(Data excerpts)
>>>

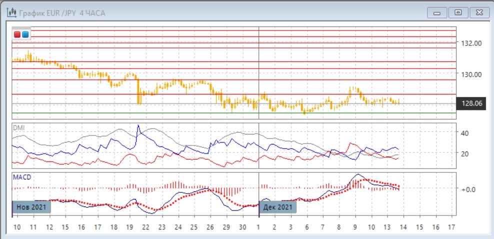 На дневном графике пара остаётся в диапазоне 127,50-128,70. Восстановление выше уровня 128,00 можно рассматривать как бычий сигнал, так как пара, таким образом, оказывается выше минимумов августа и сентября. Потенциально снижение ниже 128,00 в конце ноября - начале декабря может стать ложным пробоем. Однако для такой картины необходимо, чтобы пара удерживалась выше 128,00. Если пара останется выше 128,00, также образуется более высокий, чем предыдущий, относительный минимум - вместе с образованием более высокого максимума это может быть признаком разворота. По индикаторам направленного движения коррекция к снижению: превышение DM- над DM+ сохраняется, но гистограмма MACD находится в положительной зоне.
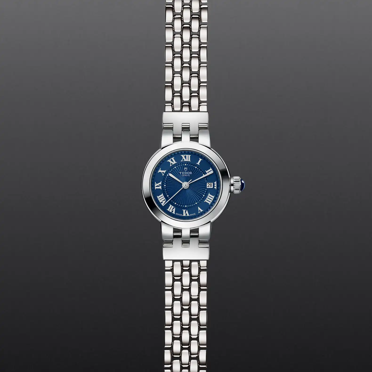 精鋼旋入式上鏈錶冠,飾以透明圓拱形藍色尖晶石
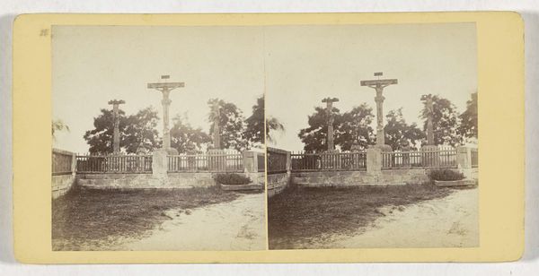 Curator: Before us, we have a gelatin-silver print from sometime between 1860 and 1885 by Pieter Oosterhuis entitled "Gezicht op gesticht Meerenberg in Bloemendaal", depicting the Meerenberg asylum. It's a fascinating example of early architectural photography. Editor: The composition immediately strikes me. That picket fence dominating the foreground feels like a deliberate barrier, creating a sense of separation from the building beyond. What effect do you think that has? Curator: I think it speaks to the way such institutions were perceived then—as places set apart, both physically and socially. There’s a symbolic containment present. Mental illness, then, carried a profound stigma, and architecture reinforced this. The asylum appears solid, imposing, yet strangely impersonal. Editor: Indeed, the building's façade, while regular in its windows, lacks warmth. The lack of direct human presence in the image contributes to this austere feeling. Notice also how the tones tend to monochrome shades, almost draining all vitality. Curator: Oosterhuis, being a Realist, probably aimed for documentary objectivity, yet the visual choices undoubtedly shaped our experience. Consider how the broken chimney emphasizes time and decay. It subtly foreshadows decline or malfunction. The tall skinny trees contrast with it like silent watchmen or grieving mourners, as if guarding sad secrets. Editor: I see what you mean. And yet the placement of the chimney right of centre guides the viewer’s gaze towards the building, creating a strong focal point and structural symmetry along vertical lines. Did this institution represent a social structure? Curator: Absolutely. Mental asylums had been seen as modern social tools of progress. But also tools of control and confinement, often isolating individuals from society and normal living. The symbolic connotations speak directly to those conflicting meanings. It brings to mind a similar effect in Dorothea Lange’s portraits during the Depression. Editor: In this context, the photograph transforms from a mere document to an emotional, perhaps even critical statement. That's fascinating to me. Thank you for making those visual relationships clear, linking composition to emotional meaning. Curator: It's precisely through studying the convergence of those symbols—social, architectural, psychological—that this image gains enduring meaning beyond its immediate subject. It acts as a portal into understanding a forgotten or deliberately concealed past.
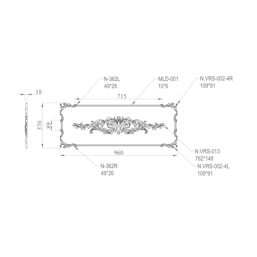 - For cornices and frames. Using the C.VRS-064 set to decorate ceiling cornices or mirror frames will create a harmonious ensemble in the space.
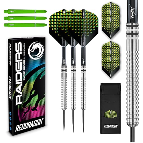 RED DRAGON Raider 1: 23g Steel Tip Tungsten Darts Set - Grön stil Set med professionella pilar med skaft (stammar), flyg och kontantkort.

<<<

*TASK OBJECTIVE*. Apart from the pictures, every line of the data above should be given again exactly.

*ANSWER TO THE EXERCISE*.
 На дневном графике пара остаётся в диапазоне 127,50-128,70. Восстановление выше уровня 128,00 можно рассматривать как бычий сигнал, так как пара, таким образом, оказывается выше минимумов августа и сентября. Потенциально снижение ниже 128,00 в конце ноября - начале декабря может стать ложным пробоем. Однако для такой картины необходимо, чтобы пара удерживалась выше 128,00. Если пара останется выше 128,00, также образуется более высокий, чем предыдущий, относительный минимум - вместе с образованием более высокого максимума это может быть признаком разворота. По индикаторам направленного движения коррекция к снижению: превышение DM- над DM+ сохраняется, но гистограмма MACD находится в положительной зоне.
 精鋼旋入式上鏈錶冠,飾以透明圓拱形藍色尖晶石
 Curator: Before us, we have a gelatin-silver print from sometime between 1860 and 1885 by Pieter Oosterhuis entitled "Gezicht op gesticht Meerenberg in Bloemendaal", depicting the Meerenberg asylum. It's a fascinating example of early architectural photography. Editor: The composition immediately strikes me. That picket fence dominating the foreground feels like a deliberate barrier, creating a sense of separation from the building beyond. What effect do you think that has? Curator: I think it speaks to the way such institutions were perceived then—as places set apart, both physically and socially. There’s a symbolic containment present. Mental illness, then, carried a profound stigma, and architecture reinforced this. The asylum appears solid, imposing, yet strangely impersonal. Editor: Indeed, the building's façade, while regular in its windows, lacks warmth. The lack of direct human presence in the image contributes to this austere feeling. Notice also how the tones tend to monochrome shades, almost draining all vitality. Curator: Oosterhuis, being a Realist, probably aimed for documentary objectivity, yet the visual choices undoubtedly shaped our experience. Consider how the broken chimney emphasizes time and decay. It subtly foreshadows decline or malfunction. The tall skinny trees contrast with it like silent watchmen or grieving mourners, as if guarding sad secrets. Editor: I see what you mean. And yet the placement of the chimney right of centre guides the viewer’s gaze towards the building, creating a strong focal point and structural symmetry along vertical lines. Did this institution represent a social structure? Curator: Absolutely. Mental asylums had been seen as modern social tools of progress. But also tools of control and confinement, often isolating individuals from society and normal living. The symbolic connotations speak directly to those conflicting meanings. It brings to mind a similar effect in Dorothea Lange’s portraits during the Depression. Editor: In this context, the photograph transforms from a mere document to an emotional, perhaps even critical statement. That's fascinating to me. Thank you for making those visual relationships clear, linking composition to emotional meaning. Curator: It's precisely through studying the convergence of those symbols—social, architectural, psychological—that this image gains enduring meaning beyond its immediate subject. It acts as a portal into understanding a forgotten or deliberately concealed past.
 - For cornices and frames. Using the C.VRS-064 set to decorate ceiling cornices or mirror frames will create a harmonious ensemble in the space.
 RED DRAGON Raider 1: 23g Steel Tip Tungsten Darts Set - Grön stil Set med professionella pilar med skaft (stammar), flyg och kontantkort.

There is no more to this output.